I think it would be possible to simulate blocking, but you'd probably need to use IOCP (I/O completion ports) and a thread which would fill a channel/queue of data from the serial port. You'd wait on this channel to be filled in order to simulate blocking reads.

This is because, as far as I understand things, with Windows overlapped I/O you're expected to give it a pool of threads and a handle to watch for I/O-- those threads are woken up and handed data once available, so it's pretty fundamentally different than typical non-blocking I/O on Linux (though io_uring on newer kernels provides similar features).

I guess the key point @DoumanAsh mentioned is that GetOverlappedResult isn't going signal completion until the whole buffer is filled or a timeout is reached?

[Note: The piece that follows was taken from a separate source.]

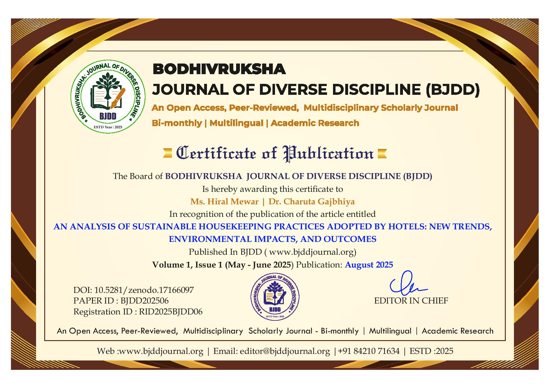 This research examines the adoption and implications of sustainable housekeeping practices within India’s hospitality sector, with a focus on environmental stewardship, operational efficiency, and guest engagement. Through a systematic review of academic literature (2018–2024) and analysis of sustainability reports from leading hotel chains—including Taj/IHCL, ITC, and Oberoi—the study identifies transformative trends such as water-efficient technologies, waste diversion systems, and eco-friendly cleaning methods. Key findings reveal that hotels implementing ozone laundry systems reduced hot-water consumption by up to 80%, while greywater recycling and linen reuse programs decreased per-guest water usage by 15–27%. ITC Hotels achieved near-zero organic waste through large-scale composting, diverting 99% of food waste from landfills. Despite these successes, challenges such as high upfront costs for advanced technologies and staff training gaps persist, slowing industry-wide adoption. The study highlights the dual benefits of sustainable housekeeping: significant reductions in resource consumption (20–30% energy and water savings) and increased brand loyalty among eco-conscious travellers. Practical implications highlight the need for policy incentives, standardized certifications, and stakeholder education to accelerate green transitions. By bridging academic insights with operational data, this research provides a roadmap for hoteliers to align sustainability goals with economic viability, positioning India’s hospitality sector as a leader in environmentally responsible tourism.

If doing this "simulated blocking" then you could always set a timeout for the completion port and configure a small buffer size, re-queuing the read in the event of a timeout.

silverjam avatar Sep 19 '22 22:09 silverjam

@jessebraham kindly remind you about PR 😄

DoumanAsh avatar Oct 21 '22 02:10 DoumanAsh

@jessebraham

Okay, I've done some testing with this on a Windows 11 box with an FTDI USB->serial adapter and things seem to be working well. (See #69 for the loopback test I was running).

My only remaining note here is to make sure we version control this as a breaking change, as some code that worked before will stop working after this is merged (I've verified this can happen with the timeout behavior, but there may be other subtly broken scenarios).

Other than that, it looks good to me! Thanks @DoumanAsh!

mlsvrts avatar Nov 07 '22 00:11 mlsvrts

I rebased this PR. I would hope that it eventually gets merged, but if you do not need it please let me know I'll just close it

DoumanAsh avatar Feb 24 '23 07:02 DoumanAsh